It was a night of clashes and vandalism. The governor reacted by denouncing what she calls "masked insurgents", assured that the population was "terrified" at the end of "a very dark night for Hong Kong" and called on citizens to distance themselves from the most radical demonstrators. Meanwhile, following the looting of dozens of metro stations, the public operator MTR announced the suspension of trains across the entire network, which carries 4 million passengers every day. And hundreds of shopping centers and supermarkets have remained closed, as have many Chinese banks, whose facades have been covered with tags. The ban on wearing masks was introduced by the Hong Kong authorities invoking emergency provisions dating back to 1922, the Emergency Ordinance Regulations, which had not been used for 52 years.
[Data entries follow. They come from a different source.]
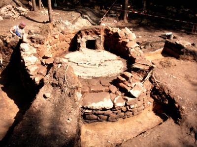 Temperaturen von etwa 400° C zur Erzeugung von Teer. Der Boden des Ofens besitzt eine konische Vertiefung mit Ablauf, über welcher eine Kuppel gemauert wurde. Um diese wurde ein zweiter Mantel aufgezogen. Wird nun das Innere mit Kienholz befüllt und außen herum die Glut über ein Schürloch kräftig entfacht, beginnt die Trockendestillation. Dann wird alle zwei Stunden minderwertiges Holz nachgelegt, wobei das Verhältnis ungefähr zwei Teile Schwelholz und ein Teil Brennholz beträgt. Bei Beginn der sogenannten exothermen Phase ab 270° C, wenn also Zellulose und Lignin sich verwandeln, entsteht der Holzteer und auch Holzgas. Das Holzgas unterstützt jetzt den Verschwelungsprozess, indem es im Verbrennungsraum verbrennt. Durch die Rinne fließen dann in bestimmter Reihenfolge, je nach Steigerung der Temperatur, die Produkte in das Auffanggefäß. Nach ungefähr sechs bis sieben Tagen ist der Prozess im Teerofen beendet und er kühlt dann weitere 14 Tage ab. Danach wird das Setzloch geöffnet und die Holzkohle herausgeholt. Bei diesem Prozess gewinnt man z. B. beim Einsatz von 13 m3 Holz ca. 140 l reinen Teer und als Nebenprodukt ca. 2000 kg beste Holzkohle. Die ersten Öfen dieser Art sind schon 1368 in einer Klageschrift der Bürger zu Eger gegen Albrecht Nothaft von Thierstein an Kaiser Karl IV. erwähnt. „Und hat in des Reichs forst geleget vir Hemer mit eckern, mit wisen, die er in den Forst gereutet hat, und funfczehen pechöfen umb Leuken.“ So lag die Vermutung nahe, dass der Fuchs vielleicht einen dieser fünfzehn Öfen gefunden hatte. Vom 18. April bis zum 6. Mai 2005 sollte dies nun durch eine archäologische Grabung unter Einbindung der Schüler in der Projektwoche der Hauptschule und ehrenamtlichen Helfern untersucht werden. Dafür konnte als studentische Fachkraft Herr Martin Sedivy von der Universität Pilsen gewonnen werden, so dass die Grabung durch ein deutsch-böhmisches Team geleitet wurde. Die Grabungsleitung hatte Herr Michael Jandejsek von der Universität Bamberg. Cirka 2200 Stunden wurden von den Schülern und den ehrenamtlichen Helfern aufgebracht um dieses Projekt zu verwirklichen. Hier nun der Kurzbericht des Grabungsleiters: Kurzbericht über die Ausgrabung eines neuzeitlichen Theerofens im Egertal bei Selb im Rahmen der Projektwoche 2005 (Unterrichtsprojekt: „Geschichte erleben“) der Hauptschule Selb Im Folgenden werden in einem ersten Kurzbericht die Ergebnisse der Ausgrabungen eines Theerofens im Egertal bei Selb im Rahmen der Projektwoche 2005 (Unterrichtsprojekt „Geschichte erleben“) der Hauptschule Selb erläutert. Die in Klammern stehenden Ziffern beziehen sich auf die Rekonstruktionszeichnung des Theerofens (s. u.). Beim Bodenabtrag stellte sich schnell heraus, dass es sich um einen Baubefund handelt, der abgesehen vom Versturz des Steinmaterials noch sehr gut erhalten war. Die abgelegene Fundstelle in der Waldabteilung Pfarrweiher dürfte dazu beigetragen haben, dass kein Steinmaterial im großen Stil abgetragen wurde. Nach dem Freilegen der Bodenplatte mit dem Ansatz einer Ablaufrinne sowie großflächigen Teerresten auf der Bodenplatte selbst und einem Auslauf an der Außenseite des Befundes konnte dieser zweifelsfrei als Theerofen identifiziert werden. Bei dem ergrabenen Theerofen handelt es sich um einen Zweikammerofen. Der Außendurchmesser beträgt 5,00 m. Das Mauerwerk (1) besteht aus Granitsteinen unterschiedlicher Größe, die in Lehm gesetzt sind. Die Mauerstärke schwankt zwischen 0,85 und 0,90 m. Da im Versturzmaterial innerhalb und außerhalb des Ofens kleinteiliges Steinmaterial weitgehend fehlte, ist ein Theerofen in Form einer Halbkugel auszuschließen. Vielmehr dürfte es sich um die Form eines abgeschnittenen Kegelstumpfes gehandelt haben, in dessen Mitte die Innenkammer nach oben herausragte. Im oberen Bereich der Außenmauer dürften Luftlöcher vorhanden gewesen sein, um den Brennprozess in der Außenkammer (2) zu steuern. Nach innen schließt sich die Außenkammer (2) in Form eines Schürringes an. Dieser besitzt eine Breite von 0,3 bis 0,6 m, wobei die Breite zum Setzloch (6) hin, das an der Westseite des Ofens liegt, zunimmt. Im Schürring wurde die notwendige Temperatur erzeugt, um die Verschwelung des Holzes in der Innenkammer (3) in Gang zu setzen. Das Setzloch weist im Bodenbereich einen Spalt von 0,07 bis 0,08 m auf. Hier konnte mittels einer Eisen- oder Tonplatte der Zugang zum Schürring verschlossen werden. Aus dem Versturzmaterial nahe des Setzloches konnte ein Steinsturz von rund 0,9 m Länge geborgen werden, der sicherlich den oberen Abschluss desselben bildete. Aufgrund der erhaltenen Länge kann eine Breite des Setzloches von rund 0,6 m angenommen werden. Gegenüber des Setzloches liegt das Kohlloch auf der Ostseite des Ofens. Zur Außenseite hin ist es aus Granitplatten, zur Innenseite hin in Ziegeln (0,26 x 0,13 x 0,06 m) ausgeführt. Es besitzt einen quadratischen Querschnitt von rund 0,4 m. Über das Kohlloch konnte die vom Verschwelungsprozess übrige Holzkohle ausgeräumt werden. Die Innenkammer (3) war in Ziegelbauweise ausgeführt, von der sich kein aufgehendes Mauerwerk erhalten hat. Zahlreiche Ziegelfunde aus dem Versturzmaterial im Innenbereich des Ofens weisen auf der einen Seite eine starke Schwärzung, auf der anderen Seite Pechanhaftungen auf. Zudem steht die in Ziegeln ausgeführte Innenseite des Kohlloches rund 0,12 bis 0,13 m auf der Bodenplatte, was der ermittelten Ziegelbreite entspricht. Die Bodenplatte mit einem Außendurchmesser von rund 2,4 m ist ebenfalls in Ziegel (0,26 x 0,13 x 0,06 m) ausgeführt und weist z. T. großflächige Teerreste auf. Auffällig ist, dass die Westhälfte der Bodenplatte abgetragen ist, aber auch hier großflächige Teerreste anhaften. So wurde der Ofen trotz beschädigter Bodenplatte weiter betrieben. Im Zentrum der Bodenplatte findet sich ein annähernd quadratischer, konisch gewölbter Granitstein, der den tiefsten Punkt der Bodenplatte bildet. D
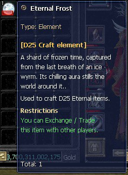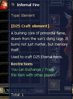 DG25 Set and Accessory process is the same. it only requires you to get 10.000x Infernal Fire/Bloodroot Crystal/Eternal Frost per set/accessory part.
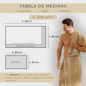 A hora do banho ;é o momento em que relaxamos e revigoramos nossas energias. Então, aproveite ao máximo esse momento e tenha em mãos a nossa toalha Intense com um toque macio. Esta toalha é importada e produzida com fio ultra macio 24 penteado e felpa super volumosa. A toalha intense é 100% algodão, e é o casamento perfeito para entregar o melhor na hora de se secar. Sua gramatura é de 600 gramas por metro quadrado e cada toalha pesa aproximadamente ;240 gramas. O tamanho desta toalha é 50cm de largura por 80m de comprimento. Possui o corpo inteiro da toalha com em 100% Algodão, dando maior poder de absorção e maciez.
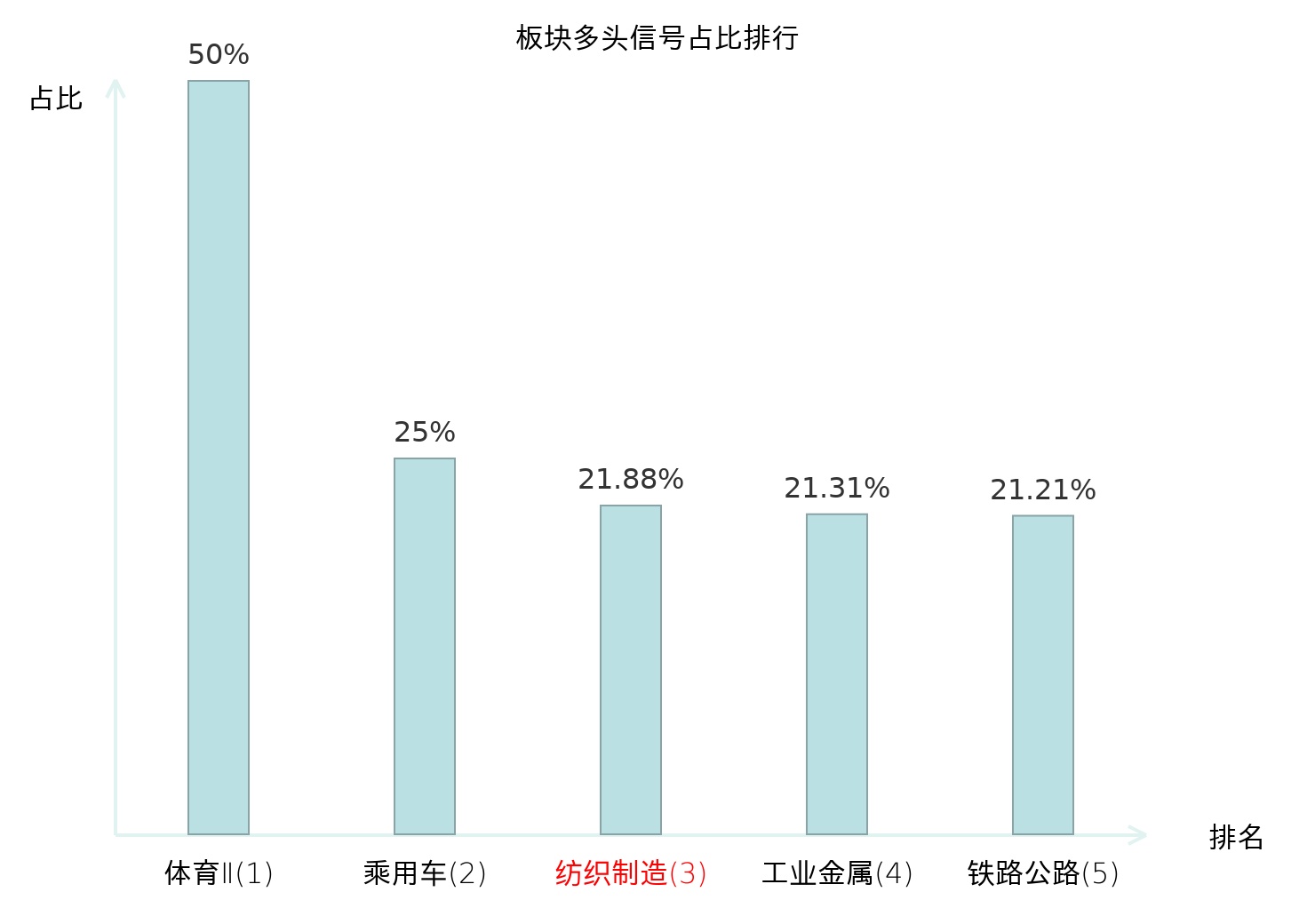 全市场所有行业板块中主力多头信号占比排名中,体育Ⅱ板块位居第一。体育Ⅱ板块名次提升最快,较昨日上升130位。
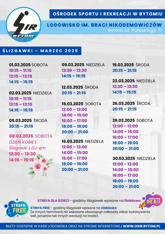 Ośrodek Sportu i Rekreacji w Bytomiu opublikował harmonogram ślizgawek na marzec 2025. Miłośnicy jazdy na łyżwach mogą już zaplanować swoją wizytę na Lodowisku im. Braci Nikodemowiczów. Sprawdź szczegóły i skorzystaj z wyjątkowych okazji!
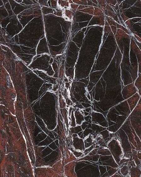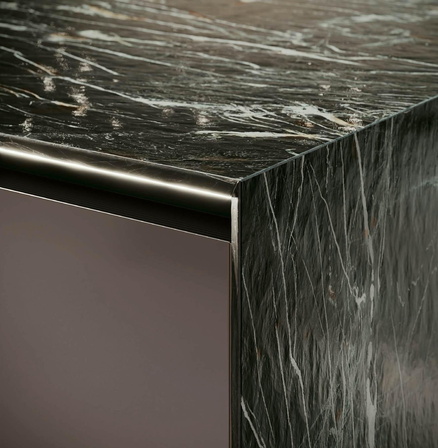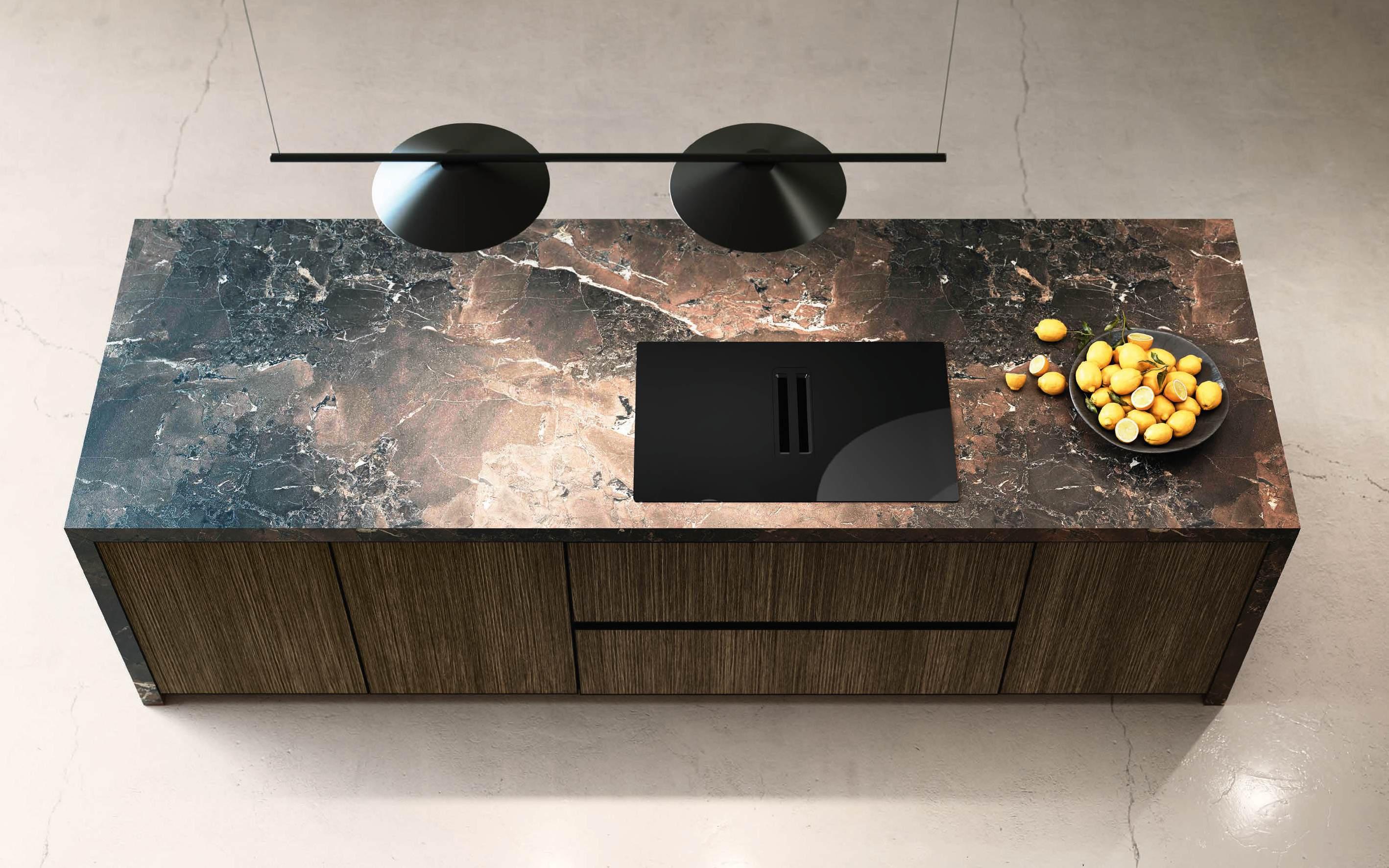 The 8 cm thick Breccia Imperiale porcelain worktop extends onto the sides, joining at a 45° angle. In the background, columns in Fenix Cacao Orinoco laminate house the appliances and encase the Velia door.
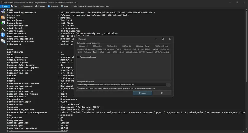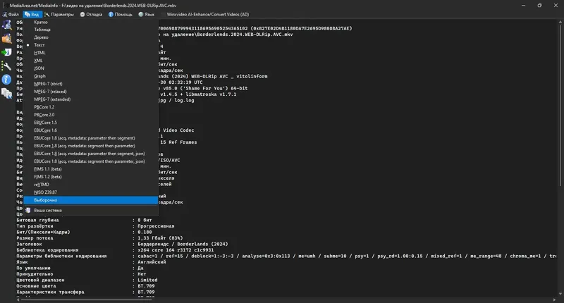 Для анализа файла достаточно просто перетащить его в окно программы или выбрать через меню. В интерфейсе отображается подробная информация о файле, разбитая на категории: видео, аудио, субтитры и части. Можно выбрать предпочитаемый способ отображения — текст, дерево или HTML — и экспортировать полученные данные для дальнейшего использования. Программа также поддерживает работу через командную строку, что удобно для автоматизации процессов. Современные версии совместимы с Windows 10 и позволяют скачать программу на русском языке, что делает её доступной для широкого круга пользователей.
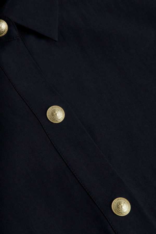 A classic tailored shirt with a cool, borrowed-from-the-boys fit and miniature embossed dome buttons for a touch of glamour. Now in black and gold.
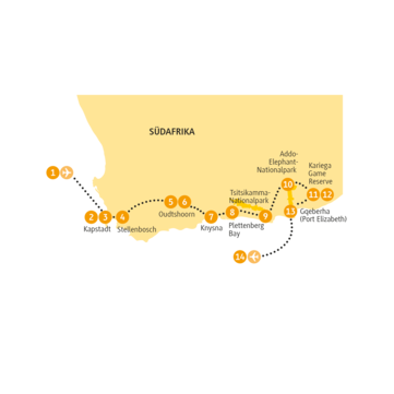 <Wenn das Wetter es zulässt, fährst du heute mit der rundum verglasten Seilbahn auf den Tafelberg. Aus über 1.000 Metern Höhe hast du einen großartigen Blick auf die Metropole, Robben Island und unzählige Strände. Im District-Six-Museum erfährst du geschichtliche Hintergründe der Apartheid. Vorbei an grünen Weinfeldern und namhaften Weingütern gelangst du nach Stellenbosch, Heimat der größten südafrikanischen Weingenossenschaft. Welche Aufgaben hat eine Winzerin oder ein Winzer überhaupt? Bei einer Führung über das Jordan Weingut erfährst du einiges über dessen traditionsreiche Geschichte, über den zum Weinanbau hervorragend geeigneten Boden und über das Winzer-Team selbst, das seiner Arbeit mit Leidenschaft nachgeht. Zum Abschluss des Rundgangs wird dir bei herrlicher Aussicht über die Rebstöcke eine Weinprobe kredenzt. Im Ortskern von Stellenbosch spazierst du die berühmte Dorp Street entlang, die Straße mit den meisten denkmalgeschützten Gebäuden in Südafrika, und besichtigst das Dorfmuseum sowie den Krämerladen »Oom Samie se Winkle«.
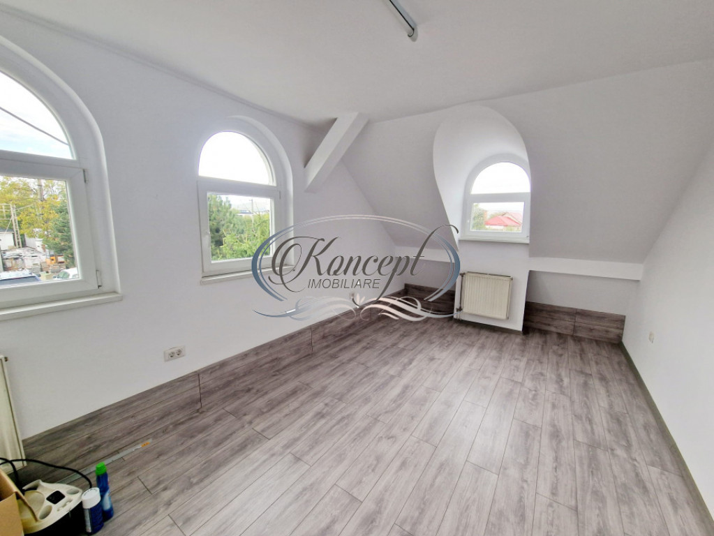 Koncept Imobiliare va propune spre inchiriere un spatiu de birouri situat in cartierul Marasti, in apropiere de Leroy Merlin, intr-o cladire administrativa, la mansarda. Locatia ofera acces facil atat pietonal, cat si auto, fiind deservita de multiple cai de transport si beneficiind de o pozitionare excelenta pentru activitati de business. Imobilul dispune de 150 mp utili, compartimentati in 8 incaperi, cu un grup sanitar si 5 locuri de parcare incluse, existand posibilitatea de a obtine locuri suplimentare. Compartimentarea este fixa, fara optiuni de recompartimentare, dar spatiul este eficient organizat pentru fluxuri de lucru. Exista si optiunea de a inchiria impreuna o hala adiacenta de 100 mp, ceea ce extinde potentialul de utilizare. Finisajele sunt moderne, iluminatul interior este asigurat prin sistem LED, iar incalzirea se face prin centrala termica, garantand un confort optim. Lumina naturala este prezenta intr-un aport moderat, iar designul mansardei creeaza un cadru functional si placut pentru activitati de birou. Spatiul este recomandat pentru firme de contabilitate, proiectare, arhitectura, call center sau logistica, datorita compartimentarii si avantajelor oferite de pozitionare. Este o alegere potrivita pentru businessuri care cauta un mediu profesional intr-o locatie accesibila. Spatiul este disponibil imediat, iar prima inchiriere aduce un plus de valoare prin utilizarea sa exclusiva. Pentru informatii complete, programarea unei vizionari sau pentru a afla oferta noastra completa va stam la dispozitie telefonic, prin e-mail sau la sediul agentiei noastre, pe str. Aviator Badescu, nr. 19, Cluj-Napoca. Id intern: P20837

The law authorizes the executive to adopt "any measure", without the need for the go-ahead of Parliament, in the event of an emergency situation or a danger for the population.

The ban was thought to put an end to the four months of unprecedented protest since the former British colony returned to Beijing in 1997, but the result was the opposite: a few hours after the announcement protest actions broke out a bit everywhere . From the Causeway Bay shopping district to Sheung Shui, near the border with China, where AFP journalists saw groups of masked protesters breaking shop windows belonging to Chinese companies or considered pro-Beijing. Cops, many of whom had their faces covered and did not carry identification numbers, were also seen by AFP while handcuffing a man wearing a mask in Central's shopping district late Saturday afternoon.

In Yuen Long, then, a policeman opened fire after his car was surrounded by a crowd and a Molotov cocktail exploded at his feet, according to witnesses; in the same neighborhood a 14-year-old was injured by a bullet, reports the South China Morning Post, without however linking the two events.